LA SANTA MESSA DEL PREZIOSISSIMO SANGUE 

RITI DI INTRODUZIONE

ANTIFONA D'INGRESSO

in piedi  Apoc. S, 9-10  

Ci hai redenti, Signore, con il tuo San­gue, da ogni tribù, lingua, popolo e na­zione e hai fatto di noi un regno di sacer­doti per il nostro Dio.

Nel nome del Padre, del Figlio, dello Spirito Santo.

Amen.

Il Signore sia con voi.

E con il tuo spirito. 

ATTO PENITENZIALE

Il sacerdote invita i fedeli al pentimento:

Fratelli, per celebrare degnamente i santi misteri, riconosciamo i nostri peccati. 

Breve pausa di silenzio in cui ciascuno esamina la propria coscienza.

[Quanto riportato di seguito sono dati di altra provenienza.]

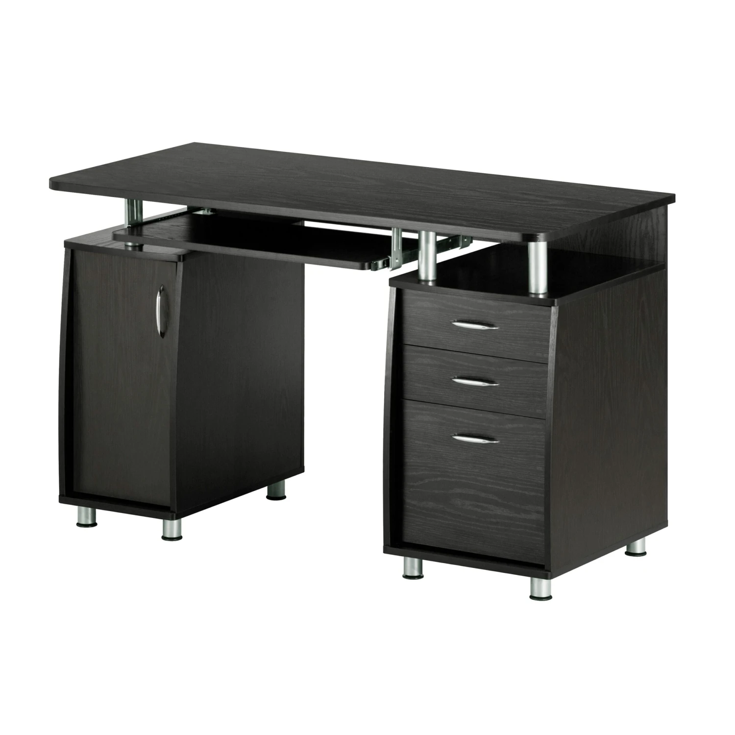 Clean and compact, this desk in a deep espresso woodgrain mixes function with an elegant form. A three-drawer file rests beneath one edge of the desk, while a cabinet holds up the other side and a sliding keyboard tray tucks between them. Use the generous raised surface for any and all office needs.
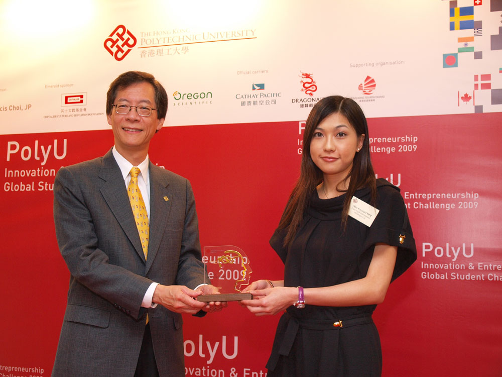 理大昨日舉行支票頒贈儀式,理大校長唐偉章在活動中感謝工商各界對「國際學生創新挑戰賽」捐出七百萬元,出席嘉賓有旭日國際集團有限公司執行董事蔡加怡、周亦卿及Dirk Dalichau等。
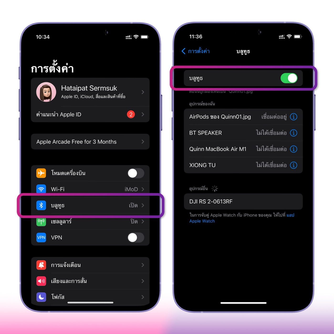 ถึง Bluetooth จะเปิดอยู่ ให้ปิดบลูทูธแล้วเปิดใหม่อีกครั้ง
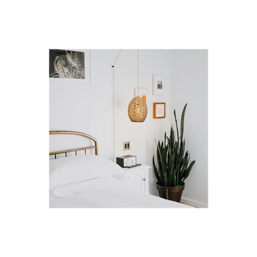 Brilliant! This woven light plugs in so that you can hang it anywhere in your dorm.
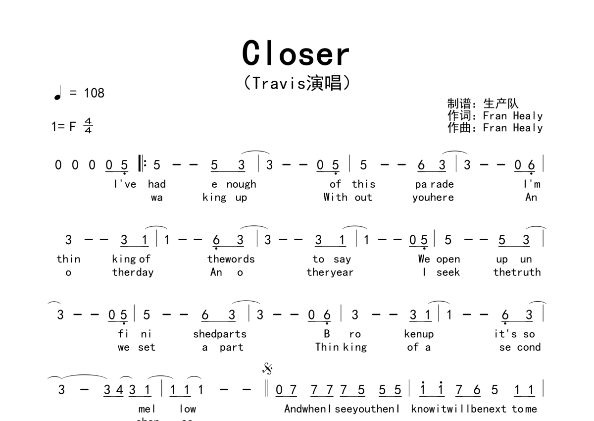 《Closer》是Travis演唱的一首歌曲,拍号为4/4拍,歌曲速度为每分钟108拍,这份简谱共有一张高清图谱,图谱由 @生产队 编配上传。
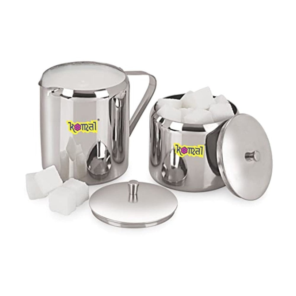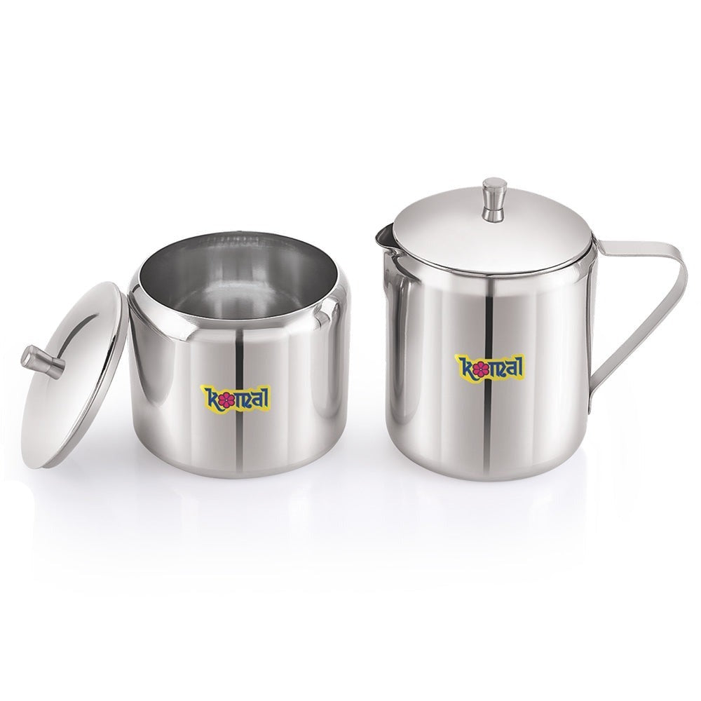 Komal Stainless Steel Big Milk & Sugar Pot Set | Silver Mirror Finish | Dishwasher Safe | Elegant Design | Set of 2 Pcs
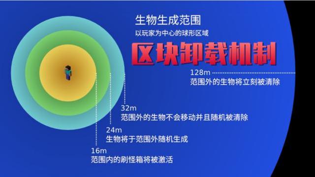 ②同一维度内;当玩家距离已加载区块的中心128格之内会激活区块刻,区块刻控制着生物生成、天气变化、水会结冰等等。所以当超过128格时,生物会消失。此外还有个东西叫作游戏刻,游戏刻控制着的区块的卸载、区块刻的逻辑、运算实体等等。因此当区块加载之后,方块实体便会开始倒计时。
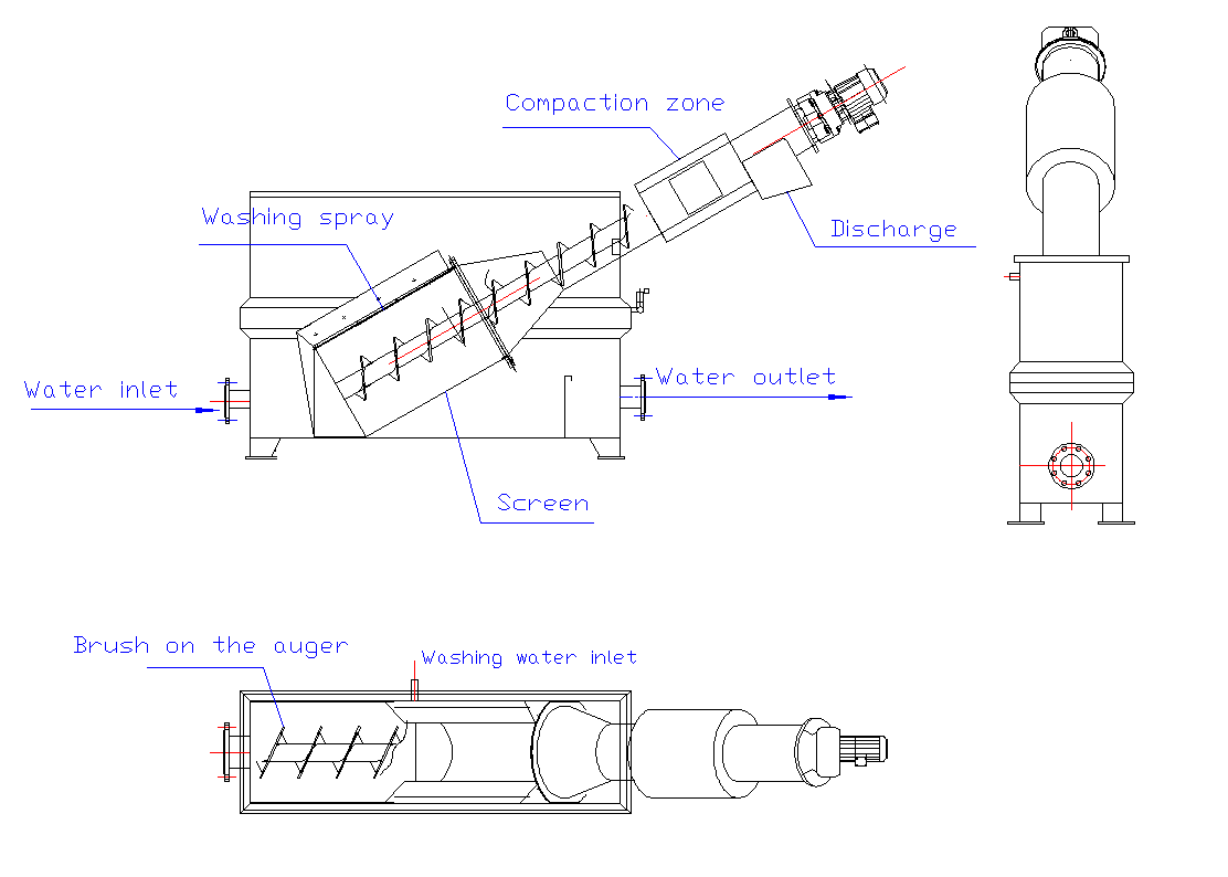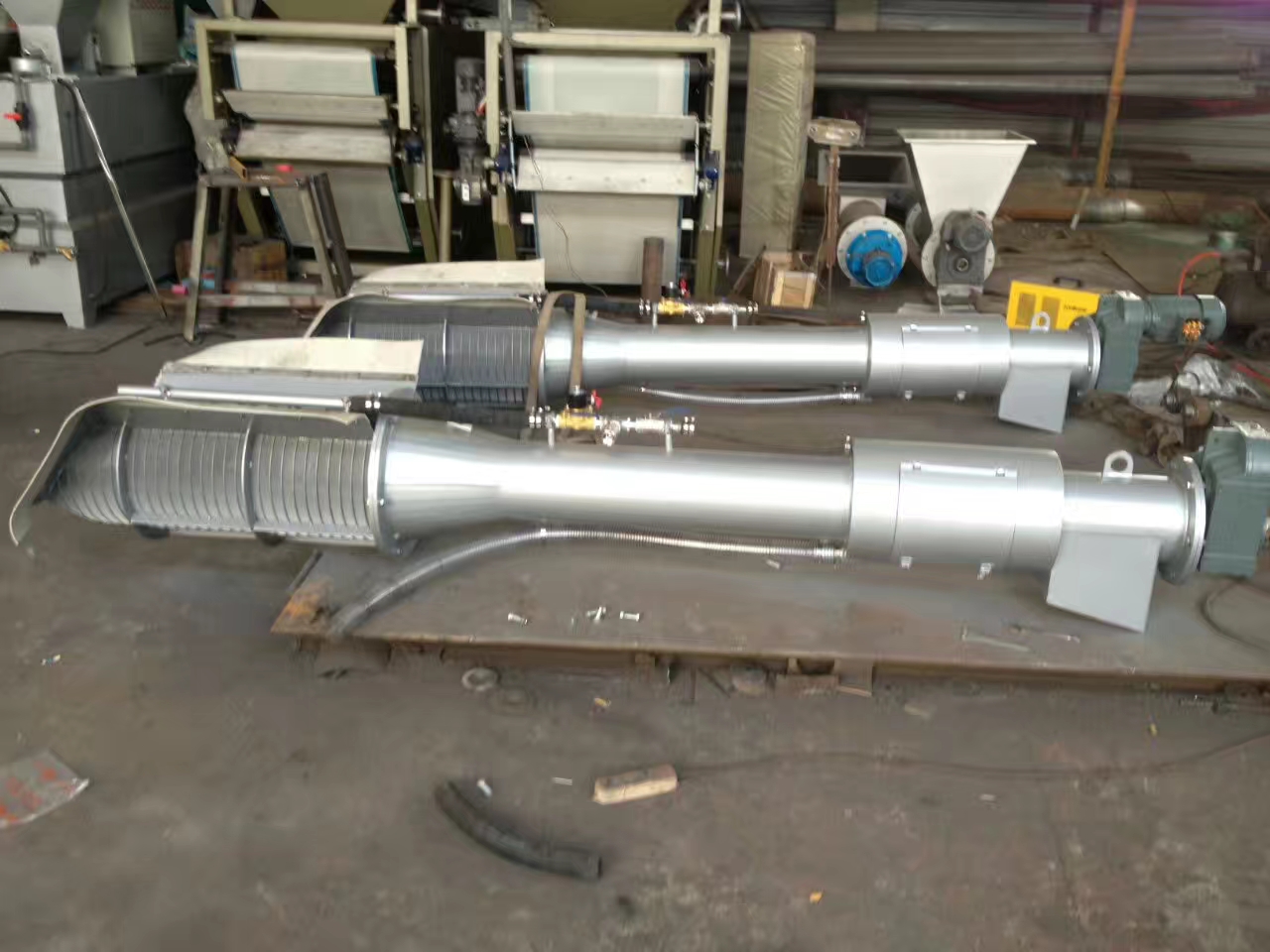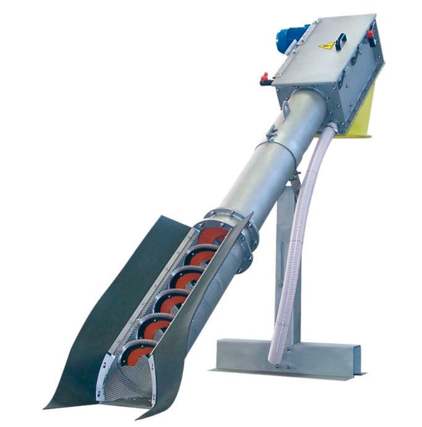 Screw screen effectively separate and convey solids in wastewater and septage applications, installed in-channel or in a self-contained stainless steel tank. Particles are captured on the fine screen basket. As the solids are intensively washed by the high impact spray nozzles, they are swept by the screw auger and transported up the auger. The solids are then discharged at a convenient elevation into a bin, bag, conveyor or separate compactor.
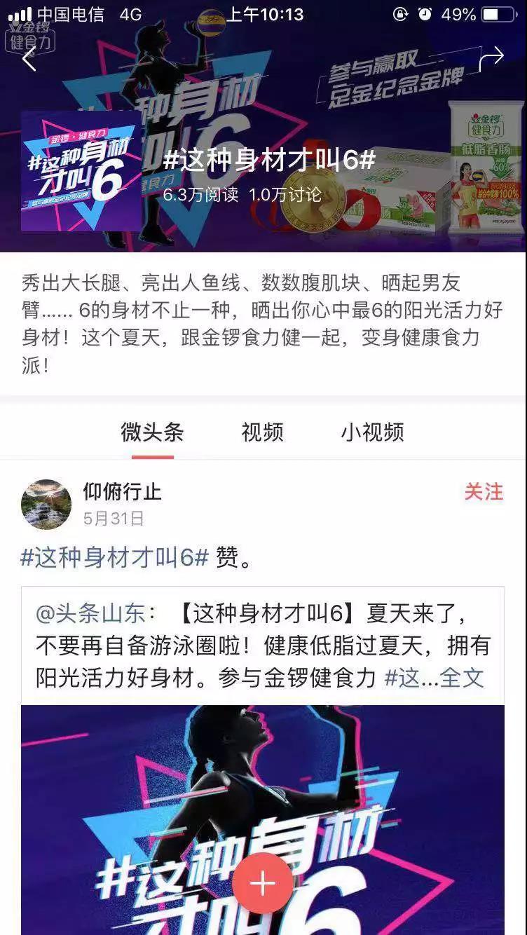 另一方面,金鑼聯(lián)動今日頭條、火山小視頻多維分發(fā)傳播,為品牌宣傳加碼。其中,今日頭條在站內(nèi)置頂發(fā)起#這種身材才叫6#挑戰(zhàn)賽同名微話題強勢導流,并設(shè)置有獎互動活動激發(fā)用戶的參與熱情,引發(fā)眾多KOL和普通用戶曬起健康好身材。抖音則借助開屏硬廣、發(fā)現(xiàn)頁、dou+、非標硬廣等強勢資源曝光,實現(xiàn)廣告精準觸達400W目標受眾。

Quindi tutti insieme fanno la confessione:  

CONFESSO A Dio Onnipotente e a voi, fratelli, che ho molto peccato in pensieri, parole, opere e omissioni, Battendosi il petto: per mia colpg, mia colpa, mia grandissima colpa. E supplico la beata sempre vergine Maria, gli angeli, i santi e voi, fratelli, di pregare per me il Signore Dio nostro.  

Assoluzione del sacerdote:

Dio onnipotente abbia misericordia di noi, perdoni i nostri peccati e ci conduca alla vita eterna. - Amen. 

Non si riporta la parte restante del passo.